The comments on the GST implementation in the budget will be extremely important from the point of view of small traders and businessmen. Any announcement indicating a road map for reforming the GST will be cheered by the investors. Incremental steps taken, if any, to resolve the compliance issues will be closely watched in the budget session. 

TAXATION 

Among the most pertinent and unarguably the most important announcements that corporate India will be watching out for will be the “promise to rationalise corporate tax rates” and “how the government will be prioritising its expenditure”. These announcements will send a signal to the market about the government's long-term goals and its strategy for economic revival. However, the markets will cheer any kind of rationalisation of corporate taxes, but the industry captains will be keeping their fingers crossed. The corporate tax rate was cut down to 29 per cent in the 2015 budget for those companies with total turnover of up to Rs5 crore. The tax rate was reduced to 25 per cent for the newly incorporated domestic firms in the 2016 budget. Now, corporate India will be expecting rationalisation of taxes for Infrastructure bigger companies. The US has already set the tone for economies across the world to reduce taxes and India may follow suit. 

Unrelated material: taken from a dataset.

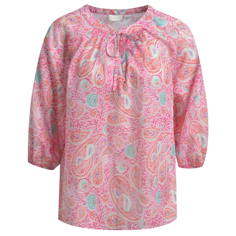 Milano Italy Bluse „Orchid Print Pink“. Diese Bluse von Milano Italy bringt frische Farben und feminine Details in Einklang. Das lebendige Paisleymuster in strahlendem Rosa, kombiniert mit zarten Farbnuancen, verleiht dem Look eine besondere Leichtigkeit und sommerliche Ausstrahlung. Der lockere Schnitt und das leichte Baumwollgewebe sorgen für ein angenehmes Tragegefühl – ideal für warme Tage. Der Rundhalsausschnitt mit V-Cut und optionaler Schleife setzt einen verspielten Akzent und lässt sich je nach Styling individuell variieren. Die 3/4-Ärmel mit elastischen Bündchen runden das Design entspannt und komfortabel ab. Ob casual zur Denim oder etwas eleganter kombiniert – diese Bluse ist ein vielseitiger Begleiter für feminine Sommerlooks.

For those who invest in equities, there may some tweaks in the definition of Long-Term Capital Gains (LTCG) and Short-Term Capital Gains (STCG) tax. As of now, the definition of long term is any investment held for more than one year. There is a possibility that the long term could be termed as any investment held for more than three years and any investment sold before three years to be considered as short term. The STCG tax stands at 15 per cent currently.

Conclusion:- 

Investors have all the right reasons to remain bullish on the markets when it comes to one of the major economic events of the year 2018 . The Budget that will unfold in a couple of weeks from now is all set to be an expansionary one. While the agriculture, banking and infrastructure sectors will remain in the limelight throughout the budget session, investors can expect the budget to boost their sentiments. 

While the government will attempt to pacify farmers, small traders and entreprenuers, investors can expect higher budgetary allocation to the fertiliser sector and announcement of some benefits to the first-time home buyers. Without getting carried away by the Budget hoopla, investors can stick to their high conviction stocks in their core portfolio. 

Anuj Puri, Chairman, ANAROCK Property Consultants

Tax rationalisation on REITs : 
Listing of REITs has been long pending in India and as of now, the first REIT is yet to be listed. Simplification in taxation norms may give an impetus to the listing that will benefit the entire real estate sector by the enhanced participation of type of investors. 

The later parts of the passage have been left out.